恵美の姿が目に入ると、その女性は祐二を首に巻いたままにっこりと笑った。
「スネークショーの方でしょう? さっき事務所の若い子がね、ここに大きな蛇がいるって教えてくれたから、見せてもらいに来たの。勝手に触ってごめんなさいね。私、蛇が大好きでね、自分の家でも飼っているのよ。でも、こんな大きな子初めてだわ。どこに売っていたの?」
「買ったのではなく……山で……えっと……」
「へぇ、国産なの? 南米産のオオアナコンダの一種かと思ったわ。きのうは男の人が、白蛇を連れてきていたでしょう? 私、あれも触りたかったんだけど、仕事が忙しくて見に行けなかったから残念に思っていたの。きのうの子は、オオアナコンダのアルピノ(※注釈……色素のない白子)でしょう?」
女性はそういいながら、ずっと祐二をなでまわしている。祐二が不快そうにぎろりと睨みつけてもおかまいなしだ。
「いえ、あれもその……」
「国産? どんな種類?」
「あたしは種類とか、よく知らないんです。専門家ではないので」
「日本の山中で捕まえたって言うの? どこ? どこにいたの?」
「う……それは……企業秘密です……」
またもや冷や汗。苦しかった。
「この子、女の子?」
「いえ、オスです」
「どうやって見わけたの? 山で拾ったんでしょう?」
「卵を産んだことがないので、オスと信じています……」
それも無理やりな言い訳で、さらに汗が出たが、恵美はそう言うしかなかった。そもそも卵を産む生き物なのかどうかもわからない。女性は、苦渋の表情の恵美にはまったく気がつかない様子で、にこやかに祐二に触れている。

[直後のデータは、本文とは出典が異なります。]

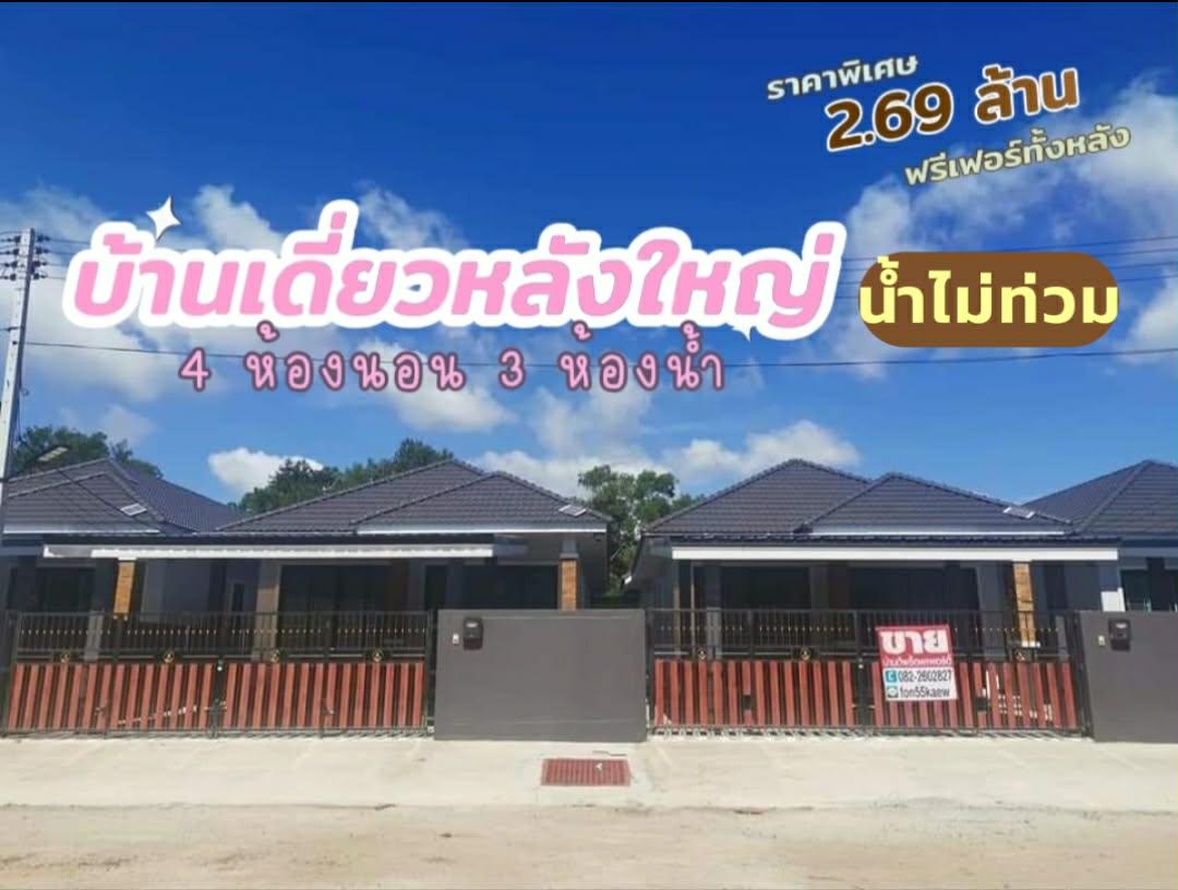 บ้านเดี่ยวชั้นเดียวทำเลดีใกล้สนามบินหาดใหญ่ พื้นที่ 60 ตรว. 4 ห้องนอน 3 ห้องน้ำ พร้อมพื้นที่โรงจอดรถ 2 คัน

「この蛇ちゃん、卵を産み落とす種類かどうかわからないわね。卵胎生かもしれない。そうねえ……この体つきだけで判断するとやっぱり男の子みたい。蛇ちゃんは、おちんちんが出てないとわからないのよねぇ……お尻はどこかな?」
女性は祐二の腹から尻あたりを探り始めた。祐二の体を裏に向けて、腹の方を上にすると、ぺろりぺろり、と舐め始めた。
(うげぇぇ! やめてくれぇ……あっ……うわぁ……)
なでまわされる刺激に、祐二の悲鳴が恵美の頭に伝わり、恵美の目は自然につり上がった。
(ああ……祐二、かわいそうに……ちょっと、このおばさん、気持ち悪い)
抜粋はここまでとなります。